Fredericton weirdo-rippers Motherhood have returned with Thunder Perfect Mind, the trio's fifth and most cohesive album yet. Inspired by singer/guitarist Brydon Crain's daily walks across the New Brunswick capital's Westmorland Bridge, the album traces the odyssey of a protagonist who gets abducted by the Cloud; a black, formless, extraterrestrial force that spreads across the entire sky. Inside the continually growing Cloud, time moves at a different speed. Hurled back to the dawn of time, the protagonist bears witness to the unfolding of history. He roams this inscrutable dimension for millions of years in solitude before he finally discovers a way out.
Thunder Perfect Mind is Motherhood at their most dialed in. With co-production by Kyle Cunjak and mixing by Deerhoof's Greg Saunier, Brydon, bassist/keyboardist Penny Stevens and drummer Adam Sipkema sound bolder than ever. The album's 10 songs brim with vitality.
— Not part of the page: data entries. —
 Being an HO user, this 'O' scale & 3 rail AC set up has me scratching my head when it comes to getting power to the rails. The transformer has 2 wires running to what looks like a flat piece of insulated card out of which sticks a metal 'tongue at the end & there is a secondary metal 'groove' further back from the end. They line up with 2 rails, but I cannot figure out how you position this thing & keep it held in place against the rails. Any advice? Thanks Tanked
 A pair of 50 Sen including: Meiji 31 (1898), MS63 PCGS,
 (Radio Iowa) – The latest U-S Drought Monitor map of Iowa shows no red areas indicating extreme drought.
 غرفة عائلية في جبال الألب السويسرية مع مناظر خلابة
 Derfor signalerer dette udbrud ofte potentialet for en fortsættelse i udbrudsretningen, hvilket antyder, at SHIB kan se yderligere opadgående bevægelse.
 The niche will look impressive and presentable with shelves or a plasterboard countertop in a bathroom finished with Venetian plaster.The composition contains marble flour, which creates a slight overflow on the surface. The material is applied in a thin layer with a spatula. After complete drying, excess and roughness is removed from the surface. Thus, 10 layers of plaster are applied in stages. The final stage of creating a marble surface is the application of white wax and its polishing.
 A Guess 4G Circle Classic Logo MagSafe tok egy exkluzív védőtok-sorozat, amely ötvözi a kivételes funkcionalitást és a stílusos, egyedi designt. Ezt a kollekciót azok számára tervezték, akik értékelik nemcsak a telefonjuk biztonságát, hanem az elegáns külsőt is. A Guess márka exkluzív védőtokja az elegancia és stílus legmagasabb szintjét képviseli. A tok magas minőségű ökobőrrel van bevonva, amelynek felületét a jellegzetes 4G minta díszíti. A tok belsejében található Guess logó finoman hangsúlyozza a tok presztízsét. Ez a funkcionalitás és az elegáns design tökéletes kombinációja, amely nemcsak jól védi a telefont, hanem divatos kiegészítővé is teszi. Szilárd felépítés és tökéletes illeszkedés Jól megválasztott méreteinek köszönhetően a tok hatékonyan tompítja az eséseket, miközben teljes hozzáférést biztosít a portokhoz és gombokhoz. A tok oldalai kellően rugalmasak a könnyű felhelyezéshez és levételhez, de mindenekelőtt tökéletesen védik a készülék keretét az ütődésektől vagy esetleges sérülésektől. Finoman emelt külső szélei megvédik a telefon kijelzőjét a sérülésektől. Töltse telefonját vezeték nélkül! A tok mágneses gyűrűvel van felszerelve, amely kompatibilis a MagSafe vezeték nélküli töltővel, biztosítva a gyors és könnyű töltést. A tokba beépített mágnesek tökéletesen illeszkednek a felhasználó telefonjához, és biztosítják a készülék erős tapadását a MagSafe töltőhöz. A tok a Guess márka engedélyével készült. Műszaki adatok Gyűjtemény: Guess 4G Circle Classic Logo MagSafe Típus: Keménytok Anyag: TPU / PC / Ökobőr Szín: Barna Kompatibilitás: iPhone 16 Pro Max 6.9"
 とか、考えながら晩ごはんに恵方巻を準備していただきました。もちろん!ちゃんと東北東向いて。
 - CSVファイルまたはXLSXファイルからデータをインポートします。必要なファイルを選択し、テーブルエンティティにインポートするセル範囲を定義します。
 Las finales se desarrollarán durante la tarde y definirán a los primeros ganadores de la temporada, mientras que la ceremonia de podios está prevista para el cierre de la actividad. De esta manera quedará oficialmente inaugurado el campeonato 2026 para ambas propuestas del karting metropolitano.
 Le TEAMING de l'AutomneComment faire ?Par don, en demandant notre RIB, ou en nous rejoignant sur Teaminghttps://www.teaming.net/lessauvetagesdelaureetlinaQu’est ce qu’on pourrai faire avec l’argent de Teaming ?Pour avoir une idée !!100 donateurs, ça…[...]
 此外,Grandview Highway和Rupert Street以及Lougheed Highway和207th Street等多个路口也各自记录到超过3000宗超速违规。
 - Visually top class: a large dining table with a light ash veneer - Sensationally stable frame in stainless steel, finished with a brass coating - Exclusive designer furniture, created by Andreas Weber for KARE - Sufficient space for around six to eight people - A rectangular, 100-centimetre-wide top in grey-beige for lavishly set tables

That said, Thunder Perfect Mind is still chaotic, but it's a controlled chaos as the band surfs between hard-hitting and playful mutant garage rock. "Bok Globule" is a cowpunk freakout, while Stevens' vibrant keys pierce through the sludgy "Propeller," a psychedelic deluge that calls to mind juggernauts like TEKE::TEKE and the now-defunct Kikagaku Moyo.
Stevens' vocals have always been one of Motherhood's highlights, whether she's singing backup like on Thunder Perfect Mind's "Grow High" or lead on the cauterized follow-up track "Grow Higher," a 49-second hardcore blowout. This pair of songs continues the band's penchant for two-parters, or at least callbacks, such as "Crawly" and "Crawly II" from 2022's Winded. That album also featured "Flood," whereas Thunder Perfect Mind opens with "Flood II," a stalking track on which the protagonist witnesses a man jump off a bridge. The man clutches the rail on his way down, but the image and questions about his circumstances haunt the protagonist for days.
More than just a quirky, bizarre tale for the sake of being fun and weird, Thunder Perfect Mind reflects the anxieties and uncertainties of living in a world on the tipping point of a techno-climate disaster from which there's no return. Maybe that's why the image of the bridge-jumper lives rent free in the protagonist's mind — we've all gone over the edge and are hanging by our fingertips from the same metaphorical bridge.